Ипатыч. Мистическая история

© Татьяна Васса, 2025
ISBN 978-5-0065-4936-4
Создано в интеллектуальной издательской системе Ridero
Древнюю избушку за деревянным мостком через ручей сельчане обходили стороной. Впрочем, это было не трудно. Она и так находилась в стороне. Проживал в ней одинокий старик Ипатыч, сухощавый и нелюдимый. Никого у себя не принимал «на беседу», ни с кем не останавливался перекинуться парой фраз «за урожай», и вообще ни с кем не разговаривал. Если поздоровается кто, то буркнем в ответ что-то нечленораздельное, блеснув глазами из-под густых седых бровей.
Деревенский народ пугливый. Если что не понимает, то непременно досочинит. Вот и про Ипатыча ходили разные байки. Кто говорил, что дед – явно колдун, что ночами видят у него над печной трубой странное зелёное свечение, что из избушки в полнолуние вылезает всякая нечисть и подпирает у честных сельчан двери снаружи, чтобы те не могли выйти из дома.

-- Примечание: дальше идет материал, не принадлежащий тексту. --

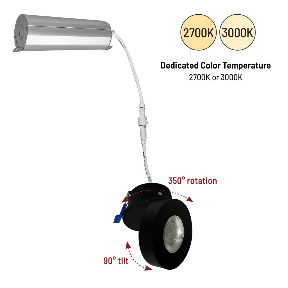 2" M-Wave Can-less Adjustable LED Downlight, 2700K, Black finish

Слухи укреплялись ещё и тем, что собака у Ипатыча, такая же древняя и бессмертная, как и он, обожала выть. Выла натурально по-волчьи. Иной раз выйдет вечером в село, сядет напротив выбранного ей дома и принимается выть. Прогонят её палками, она подождёт и снова за своё. И действительно, на другой день в доме этом или покойник, или покалеченный, или падёж скотины. Боялись этой собаки больше, чем Ипатыча.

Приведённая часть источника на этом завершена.